▶ _Provided records_
========================================
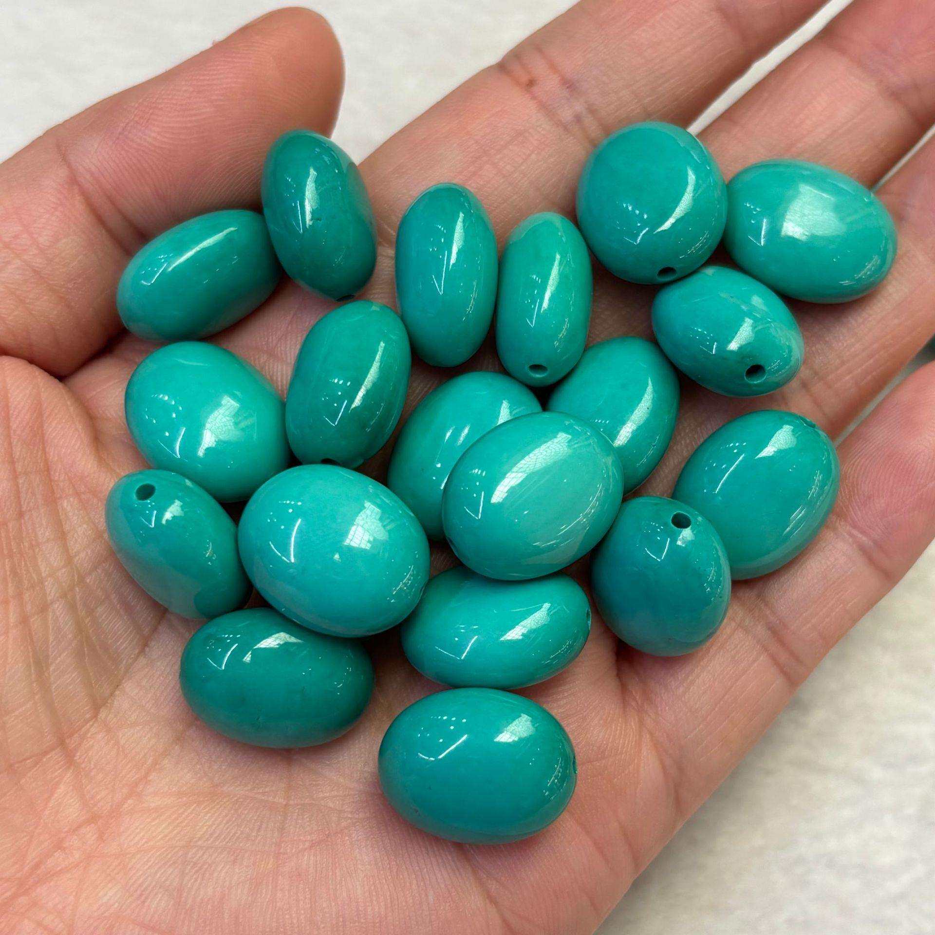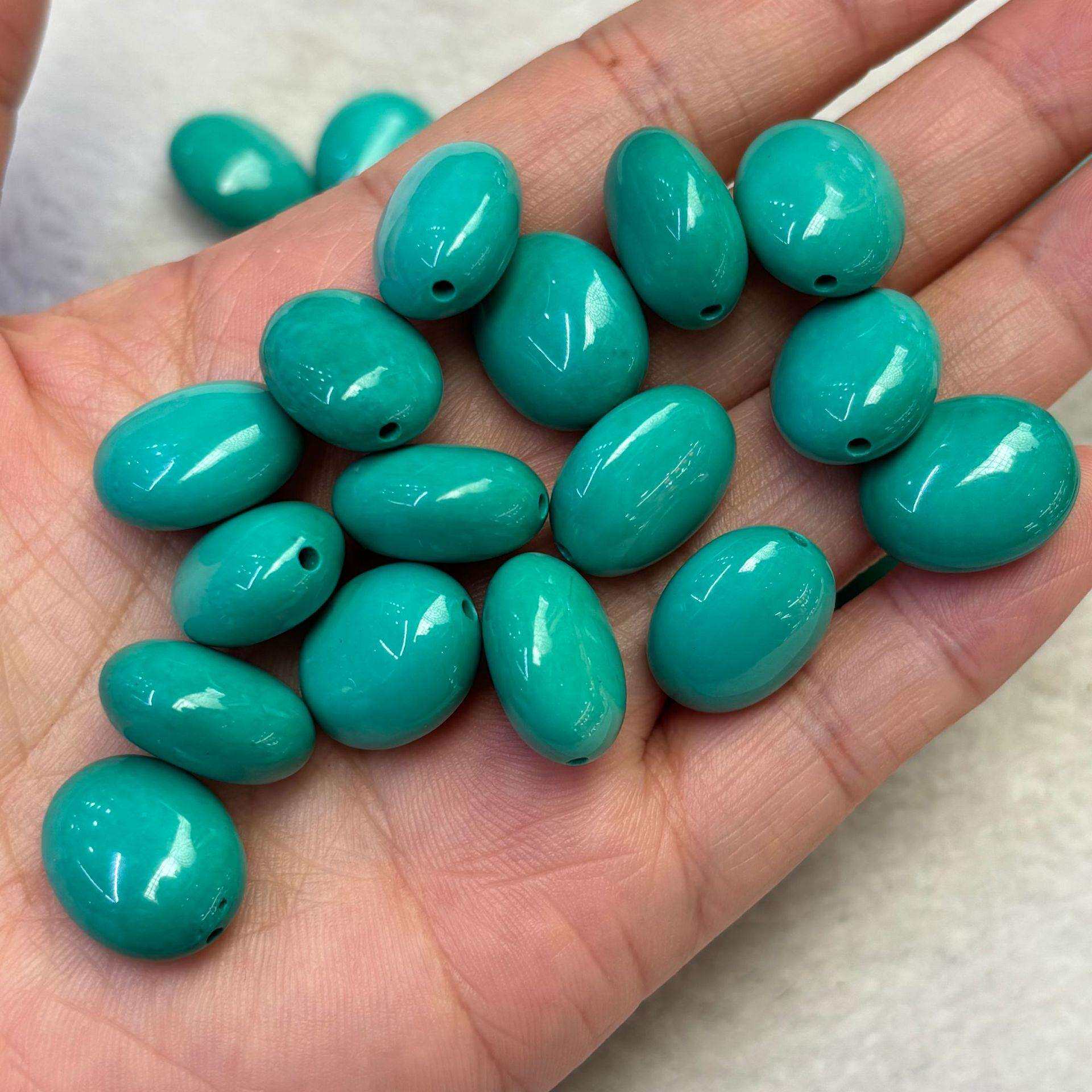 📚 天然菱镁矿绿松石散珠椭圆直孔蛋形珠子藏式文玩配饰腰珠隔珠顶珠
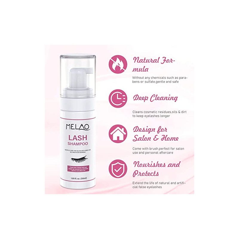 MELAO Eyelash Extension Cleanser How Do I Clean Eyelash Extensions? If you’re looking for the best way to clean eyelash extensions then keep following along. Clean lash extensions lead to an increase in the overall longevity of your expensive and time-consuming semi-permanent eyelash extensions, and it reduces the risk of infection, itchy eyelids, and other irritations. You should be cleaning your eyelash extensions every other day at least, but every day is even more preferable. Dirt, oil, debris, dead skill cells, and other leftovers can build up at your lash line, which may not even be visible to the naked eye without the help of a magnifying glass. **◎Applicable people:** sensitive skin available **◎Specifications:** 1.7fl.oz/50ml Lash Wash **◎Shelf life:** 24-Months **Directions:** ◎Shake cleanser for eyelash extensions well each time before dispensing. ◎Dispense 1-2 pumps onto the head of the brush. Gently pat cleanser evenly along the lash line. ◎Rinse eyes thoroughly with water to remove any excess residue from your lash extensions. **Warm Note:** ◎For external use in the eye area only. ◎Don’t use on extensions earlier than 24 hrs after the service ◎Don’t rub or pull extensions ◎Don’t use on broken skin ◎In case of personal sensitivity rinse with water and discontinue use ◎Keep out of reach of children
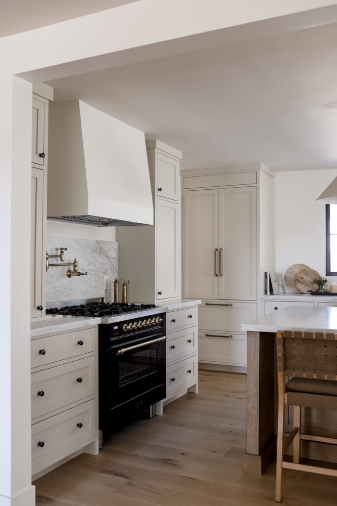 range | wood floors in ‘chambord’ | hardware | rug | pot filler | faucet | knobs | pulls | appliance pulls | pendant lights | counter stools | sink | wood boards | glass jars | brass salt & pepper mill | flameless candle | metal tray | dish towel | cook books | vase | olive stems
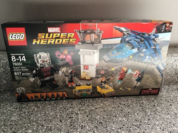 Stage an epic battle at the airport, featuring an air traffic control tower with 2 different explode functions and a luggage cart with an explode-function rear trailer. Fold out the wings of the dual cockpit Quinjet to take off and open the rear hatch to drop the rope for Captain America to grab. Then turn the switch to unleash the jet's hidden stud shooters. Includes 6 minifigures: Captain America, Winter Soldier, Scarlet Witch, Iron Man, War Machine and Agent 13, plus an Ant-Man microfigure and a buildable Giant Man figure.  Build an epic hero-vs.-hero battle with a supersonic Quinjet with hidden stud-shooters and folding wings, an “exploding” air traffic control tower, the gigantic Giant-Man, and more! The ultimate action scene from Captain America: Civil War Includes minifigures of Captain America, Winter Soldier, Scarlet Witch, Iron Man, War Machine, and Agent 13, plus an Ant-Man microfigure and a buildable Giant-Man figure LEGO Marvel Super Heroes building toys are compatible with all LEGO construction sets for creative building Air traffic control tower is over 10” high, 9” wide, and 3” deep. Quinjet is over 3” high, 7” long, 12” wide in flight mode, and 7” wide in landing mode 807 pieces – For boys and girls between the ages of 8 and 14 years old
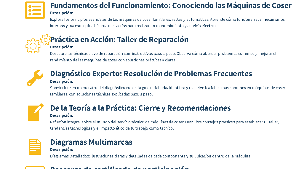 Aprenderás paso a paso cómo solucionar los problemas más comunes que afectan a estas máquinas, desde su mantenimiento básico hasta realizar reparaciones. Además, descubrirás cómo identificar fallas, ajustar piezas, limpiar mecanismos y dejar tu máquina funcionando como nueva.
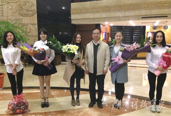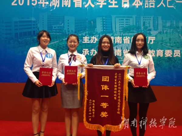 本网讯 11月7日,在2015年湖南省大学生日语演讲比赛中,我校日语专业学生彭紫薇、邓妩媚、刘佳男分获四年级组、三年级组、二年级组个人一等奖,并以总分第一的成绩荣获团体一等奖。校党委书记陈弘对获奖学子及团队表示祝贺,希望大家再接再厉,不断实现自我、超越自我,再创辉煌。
========================================
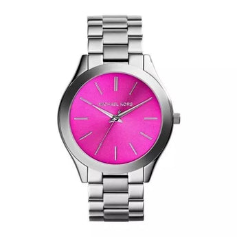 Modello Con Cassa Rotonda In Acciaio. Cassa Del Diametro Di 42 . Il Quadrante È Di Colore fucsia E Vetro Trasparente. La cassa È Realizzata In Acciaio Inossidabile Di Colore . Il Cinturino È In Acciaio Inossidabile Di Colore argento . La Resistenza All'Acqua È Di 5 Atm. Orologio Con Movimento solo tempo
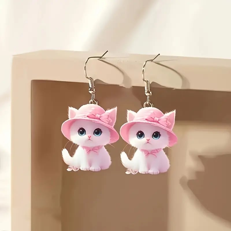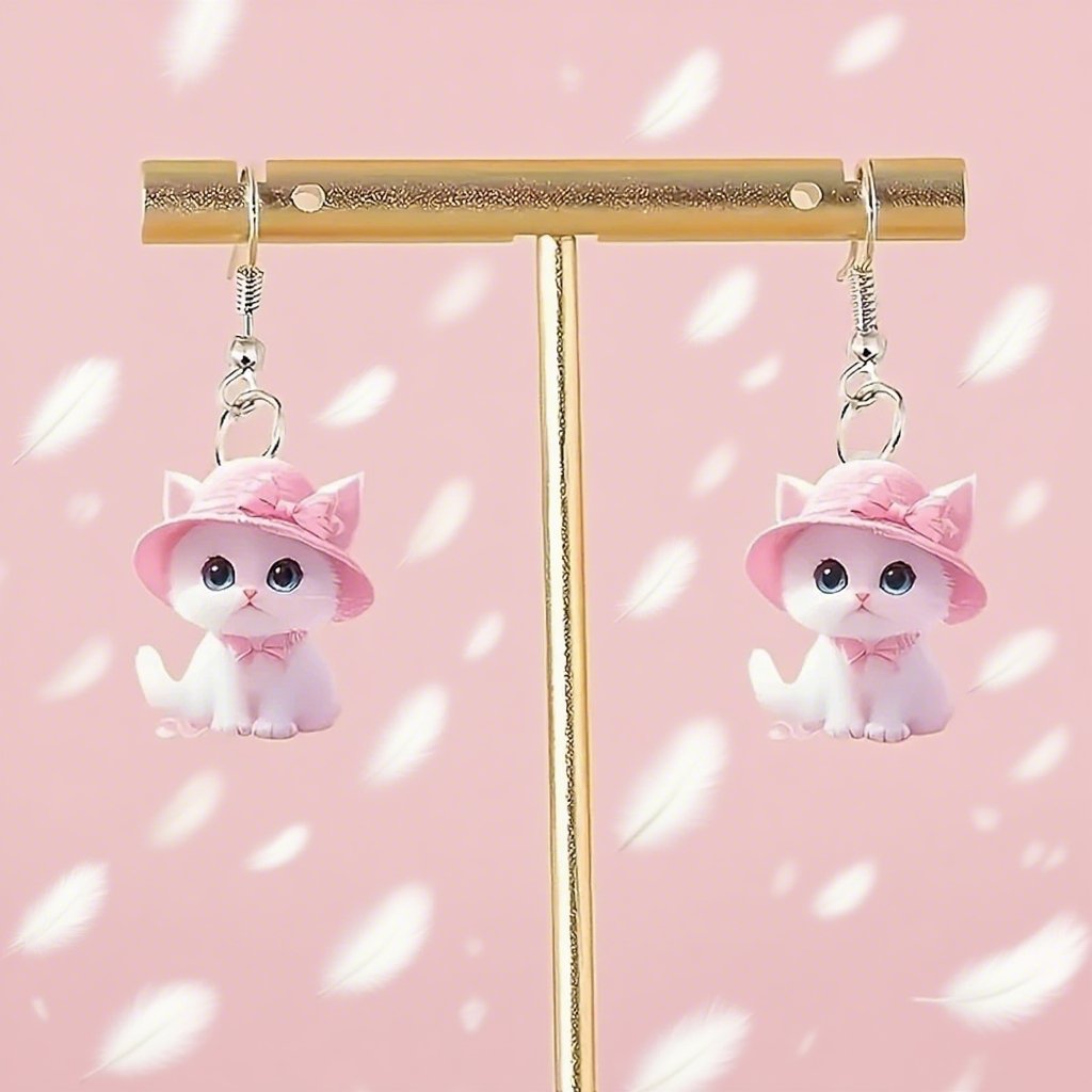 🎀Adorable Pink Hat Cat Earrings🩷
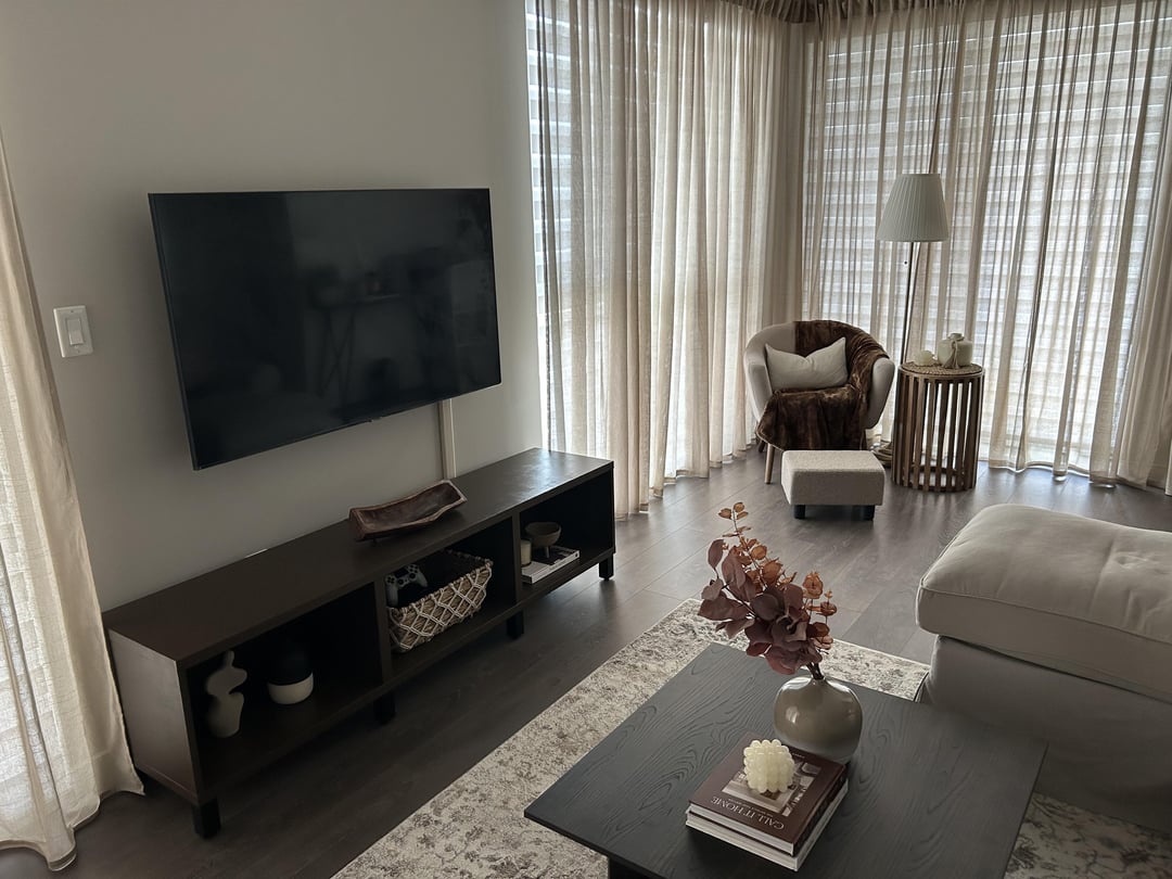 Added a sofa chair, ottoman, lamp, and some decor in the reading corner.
========================================
Take the material above from the line bearing "Modello Con Cassa" through the line bearing "Hat Cat Earrings🩷" and write it out exactly, both end lines included. Pictures stay out.

▶ _Exercise response_
 Modello Con Cassa Rotonda In Acciaio. Cassa Del Diametro Di 42 . Il Quadrante È Di Colore fucsia E Vetro Trasparente. La cassa È Realizzata In Acciaio Inossidabile Di Colore . Il Cinturino È In Acciaio Inossidabile Di Colore argento . La Resistenza All'Acqua È Di 5 Atm. Orologio Con Movimento solo tempo
 🎀Adorable Pink Hat Cat Earrings🩷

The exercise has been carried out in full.